= Michele Arcangelo Iocca =

Michele Arcangelo Iocca, born in Calascio on October 6, 1925, and died in Rome on July 9, 2023, was an Italian illustrator and graphic designer. He is known for designing road signs in Italy.

== Biography ==
In 1937, his family moved to Rome, where, as he grew older, he became interested in artistic drawing. However, at his father's pressure, he enrolled in a surveyor's school. In 1943, to escape the war, he returned with his family to Calascio, also becoming a draft dodger and being sentenced to death. After a few months, he returned to Rome, where he remained hidden at home. Thanks to meeting a journalist from Il Messaggero, he met the Palombi brothers, publishers of artistic works, for whom he drew illustrations for several volumes; he then collaborated with the magazines Carosello and Campanello, creating several standalone stories.

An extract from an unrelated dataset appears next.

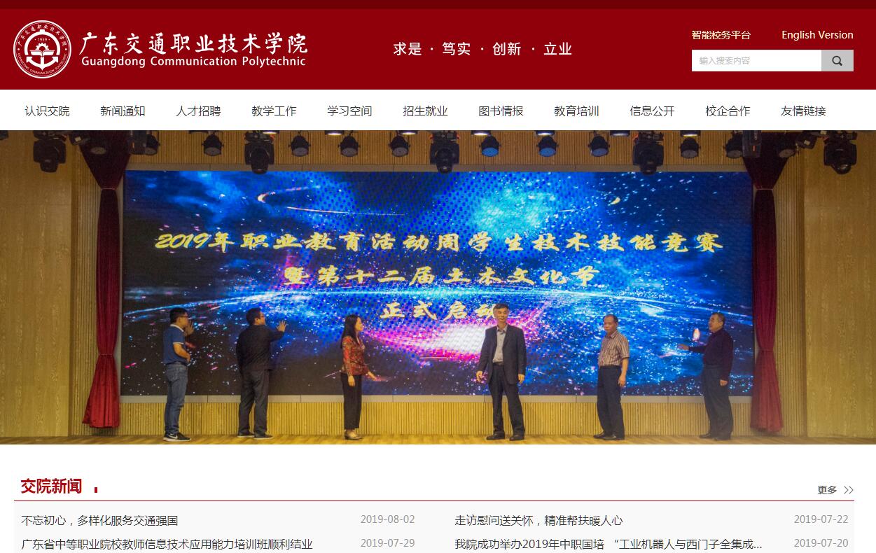 广东交通职业技术学院创办于1959年,1999年经教育部批准,由广东交通学校、广东省航运学校合并组建而成,是一所省教育厅主管、行业特色鲜明、工科为主的综合性高等职业院校,迄今已有60年办学历史。学院坚持立足交通、服务粤港澳经济与社会发展,注重培养具有创新精神的技术技能人才。学院荣获国家教学成果一等奖1项,二等奖2项;2004年,以“优秀”等级通过教育部高职高专人才培养水平评估;2013年,以“优秀”等级通过首批国家骨干高职院校建设项目验收; 2016年,获入选广东省一流高职院校建设计划立项建设单位、广东省大学生创新创业教育示范学校;2016-2018年,连续三年荣获“全国高等职业院校服务贡献50强院校”、2018年获全国高等职业院校“教学资源50强院校”;先后荣获全国职业教育先进单位、全国交通系统先进集体、广东省文明示范单位、广东交通教育科技先进单位、优质省级职教师资培养基地等光荣称号。学院扎根南粤大地,服务“一带一路”,目前有三个校区,占地面积1000余亩,学院全日制在校生14000余人,现有39个专业,涵盖土木工程、汽车机械、船舶驾驶、轨道交通、智能交通、运输管理、机电设备、电子信息、商贸等领域。拥有国家级教改试点专业2个、国家骨干高职院校重点建设专业6个、中央财政支持高等职业学校提升专业服务能力建设专业2个、全国职业院校示范专业2个、省级示范性高职院校重点建设专业9个、省级重点专业18个、省级示范性专业6个、省级高职教育一类品牌专业2个、二类品牌专业12个,国家精品课程2门、国家级精品资源共享课程1门、省级(国家教指委)精品课程17门、省级精品资源共享课17门、省级精品在线开放课程7门;拥有145个设备先进的一体化多功能校内实训教学场所,43个政校企共建校内实训基地和培训基地,532家紧密型校外顶岗实习基地,其中中央财政支持职业教育基地1个、省级公共实训中心2个,省级高等职业教育实训基地10个,省级大学生校外实践基地12个,为学生专业技能培养提供了良好的实训条件,毕业生获取中级以上技能证书或职业资格证书年均超99%;拥有一支高素质“双师结构”师资队伍,教授、副教授、高级工程师比例达33%,具有硕士、博士学历的专任教师比例约占62%,专任教师双师比例达85%。拥有广东省危化品运输车辆安全监控工程技术研究中心、广东省船舶自动化工程技术研究中心和广东省既有桥梁检测与维修加固工程技术研究中心,近三年,学院共承担各类教学、科学研究及技术服务项目500余项,先后有3个项目研究成果达到国内先进水平、3项成果达到国内领先水平、1项成果达到国际先进水平,,新增专利168项、计算机软件著作权83项,主编或参编专业标准、行业规范3部;学生参加技能竞赛获国家级奖项149项,省级奖项264项。优质的教育资源、教学质量以及交通行业的深厚渊源吸引了广大考生,成为众多考生首选报考的高职高专院校,毕业生就业前景广阔、就业通道顺畅,就业率连续多年保持在99%以上。学院始终面向区域经济与社会发展,积极拓展社会服务功能。设有交通运输行业职业技能鉴定站、省属职业技能鉴定所等9个鉴定机构,具有75项专业技能鉴定资格,可开展11个工种的培训鉴定;是交通运输部公路水运试验检测专业技术人员职业资格考试广东省考区承办单位;拥有中国企业联合会主办的“653工程教学基地”、城市轨道交通“双师型”教师培养培训基地、广东省职业教育师资培训基地、广东省专业技术人员继续教育基地等。近三年,学院面向行业和社会共培训和鉴定各类人员10万多人次,组织职业(执业)资格考试9万多人次。学院秉承“求是、笃实、创新、立业”的校训精神,坚持“内涵发展、质量立校,开放融合、服务兴校”的办学理念,主动服务“交通强国”和粤港澳大湾区建设新需求。全力推进体制机制改革创新,加快现代职业教育体系建设,解放思想、凝心聚力、锐意进取,努力把学校建设成为行业领先、国内一流、有一定国际影响的技术应用型高等职业院校。

After the war he completed his studies privately and enrolled in the faculty of architecture, which he abandoned without completing to devote himself to comics. During this period he collaborated on the creation of the titles Bambola and Lupettino, creating series such as Crestarossa, written by Eros Belloni. In 1952, during his military service in Pinerolo, he met the Turin publisher Paravia, for whom he illustrated a novel; in 1953, he ended his collaboration with Bambola and moved to Amichetta until 1957. Due to his poor earnings during this final period, however, having to marry in 1956, he accepted a job as a clerk at the Civil Engineering Department, where he remained until his retirement in 1990. From then on, he continued to collaborate with several publishers, signing himself Nat, after his wife, including through several agencies and with Sergio Rosi's studio.

His activity as a cartoonist continued through the agencies of Naro Barbato and Angelo Mancini, drawing comic series mainly for the French market, such as many stories by Il Grande Blek, for which he took care of the inking on pencils by Carlo Cedroni, and a La mine coinvotée on Special Kiwi in 1960, all his own for pencils and inks; while, for German publishers, he created the Piccolo Much series together with Alberto Giolitti.

In the late 1950s he created the new road signs for the new Highway Code which would be promulgated in 1959. It was inspired by the 1949 Geneva Convention on Road Traffic, which aimed to align all United Nations countries with similar prohibition, mandatory and warning signs, leaving the details to the various members.

Through the Rosi studio, he collaborated on several publications; he also created the last stories in the Maxmagnus series, published in Editoriale Corno's Eureka in 1983, inking Paolo Piffarerio's plates. In the 1970s he also designed the sketches together with his brother Angelo Iocca for various series of stamps issued by the Italian state.

Iocca died in Rome on July 9, 2023, at the age of 97.